Perch Heaven On Devil’s Lake

We know of a place serious ice fishermen should not pass up this winter. Don’t let its name throw you. Devil’s Lake, N.D., is truly heaven for anglers looking for a chance to ice walleyes and yellow perch!

Even silver linings of heaven’s clouds have a touch of gray. Finding fish can be a trick, however. The drawback of Devil’s Lake is its massive size due to a long cycle of high water that has caused the lake to reach record levels. At more than 160,000 acres, Devil’s Lake is the largest natural body of water in North Dakota. It is second only in size to the reservoir Lake Sakakawea. 

Ted Takasaki

But a visit to the “Perch Capital of the World” is well worth the effort. The majority of perch weigh about a pound, but fish up to 1.5 pounds are common.
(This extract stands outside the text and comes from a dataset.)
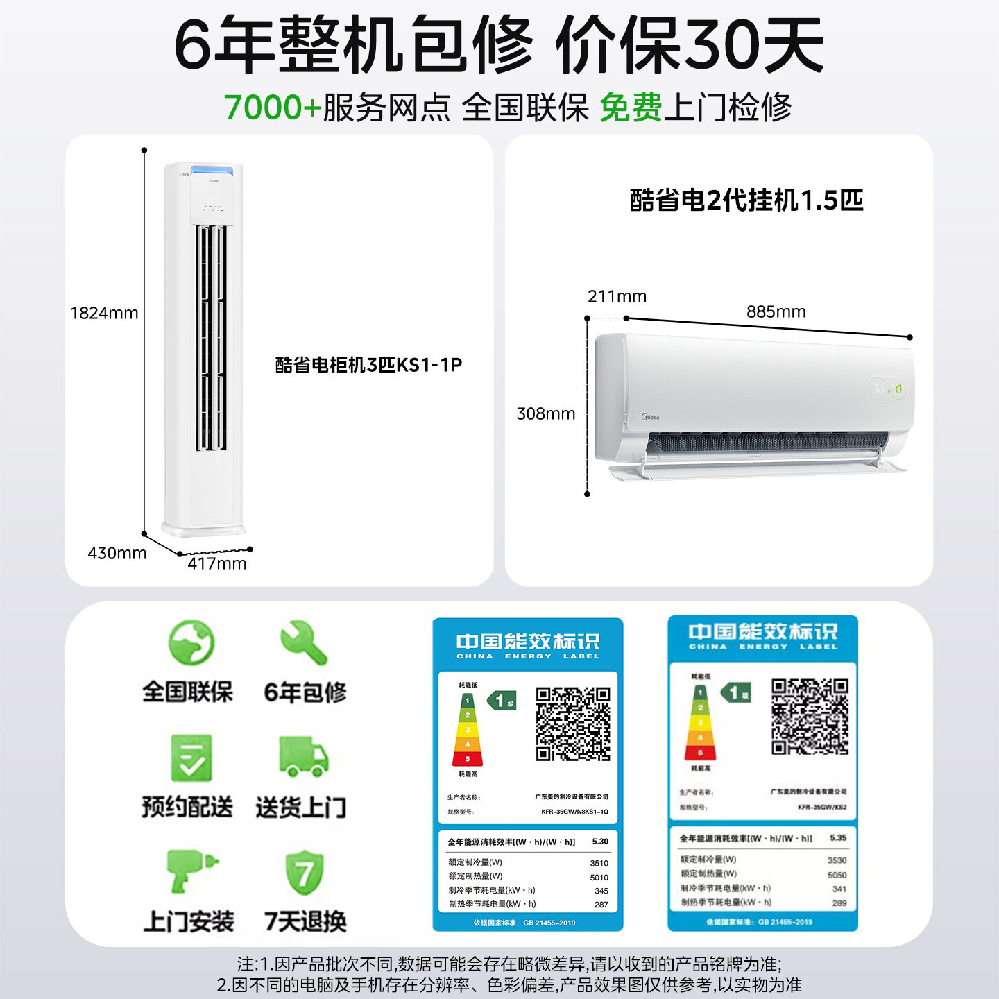 美的酷省电空调套装柜挂机新一级能效家用三室一厅两室官方旗舰店
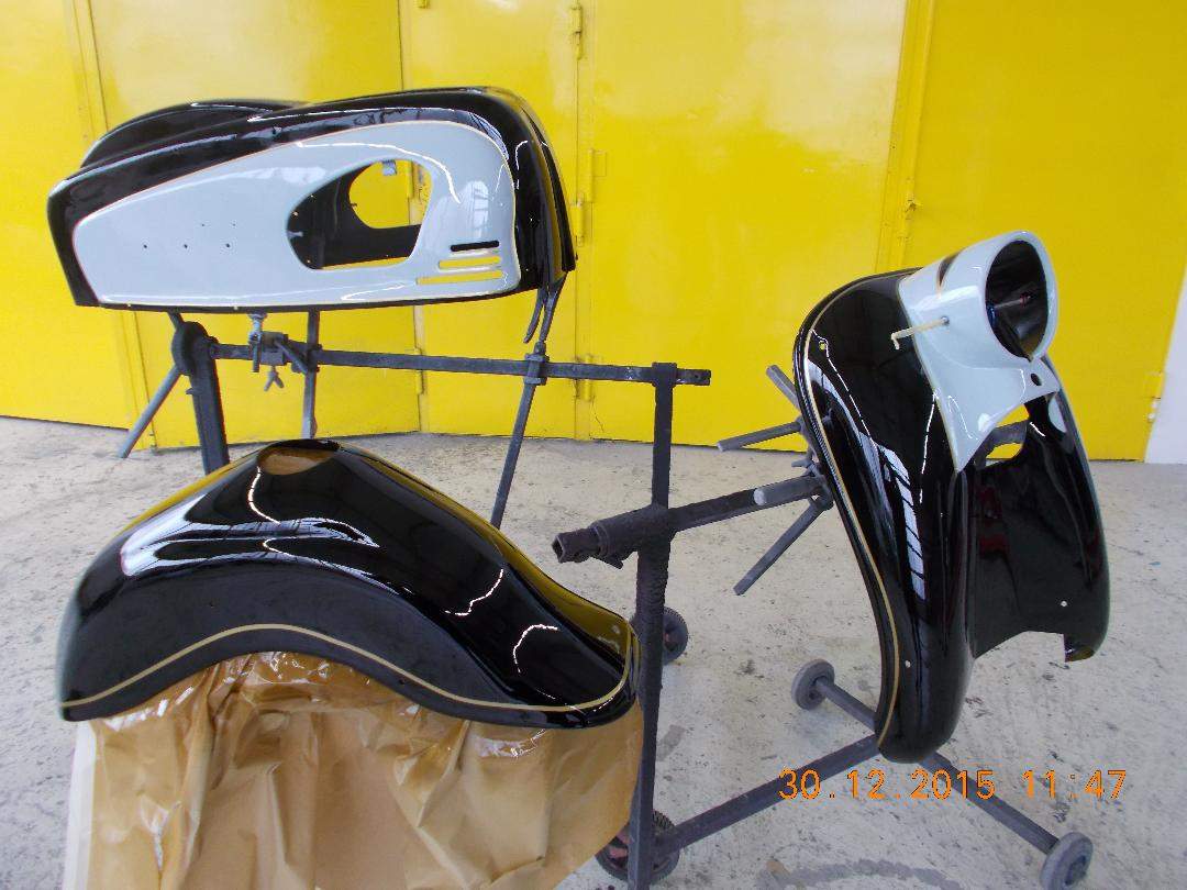 Progressroller: Teile entrostet, Dellen beseitig, 2 farbig lackiert + Goldstreifen

This year, 2012, is the 30th anniversary of the state record perch that came from Devil’s Lake, a 2 pound, 15 ounce beast! State fish & game surveys show continued strong populations of perch.

If you target perch, expect to catch some walleyes as well. If you are specifically targeting walleyes, big fish from 4 pounds on up can wind up on the ice. The lake record is more than 13 pounds. Surveys reveal good year-classes of walleyes, too.

Perch Patrol Knows Lake
And, if finding fish gets to be too much of a hassle or you don’t have a lot of time to spend, hiring guide services such as the famous Perch Patrol removes the guesswork. (visit http://www.perchpatrol.com/)

Basic movements are simple. Perch begin the early-ice period around Thanksgiving at depths of 24 to 32 feet. As the season wears on, they move deeper to 40 feet. By February, they reach their deepest point, about 44 feet. By March, they begin migrating shallower again toward spawning areas nearer the three major inlets into Devils Lake and ice anglers move along with them. 

Check with local bait shops and websites before you go. Have a game plan in place. 

If you’re intent on finding your own schools of fish, do what the locals do. Unlike open-water fishing when changing location by boat is a simple task, finding fish through the ice is a lot of work. Local groups such as the Perch Patrol cut the area they want to search down to size by spreading out with GPS units. After picking a particular section of the lake, a bay or a mud flat, they spread out and drill holes to search the depths with their electronics. Schools of perch and walleyes are also found in submerged timber. The forests of flooded trees cannot be overlooked. Other locations for walleyes include points and sand bars. 

Stay five minutes max. If no fish appear on the electronics, leapfrog to new holes until fish are found. A quick call with GPS coordinates over their handheld radios is all that’s needed for everyone to converge on the spot. Schools of perch often have walleyes and white bass mixed in. 

This search tactic can be used on any body of water to cut the time needed to get on top of fish and stay on them.  

Use Light Line
Use 24- to 28-inch St. Croix medium-action rods and spool them up with 1- to 4-pound-test monofilament or 6-pound (it has a 2-pound-test mono diameter) TUF Line Duracast Ice. 

Lindy Ice Worms or Fat Boys are great ice-fishing jigs for perch. The smaller Rattlin’ Flyer spoons are an excellent choice as well. They appear clearly on the flasher so you know precisely where the bait is. Use Eurolarvae or wax worms for perch. They imitate the freshwater shrimp that provides the main forage base and accounts for the tremendous growth rates seen at Devils Lake.

For walleyes, step up to the new Slick Jigs or the larger Rattlin’ Flyer spoons and switch to minnows or minnow heads. 

Try a variety of colors. Chartreuse, firetiger and glow colors are good to start. Give the fish a choice and let them signal their preference.

Jig hard at first. Calm down once fish show up on the sonar screen. Perch usually appear as thin marks just off the bottom. Walleyes appear as thicker marks and may chase the bait. Either species is more likely to bite when they are up off the bottom.

Don’t toy with fish. If one just looks at the bait, twitch the jig, then pull it from them and stop. The action is often enough to coax a strike from active fish will often follow and strike.

If you’re one of us who appreciate time on hard water in winter, no place offers better perch and walleye fishing than Devil’s Lake. Check Amtrak for special rates to this ice-fishing Mecca. Consider hiring a guide to make good use of your limited time in this angling heaven on earth.

With the arrival of winter, now’s the time to plot a course to this great ice-fishing get-away!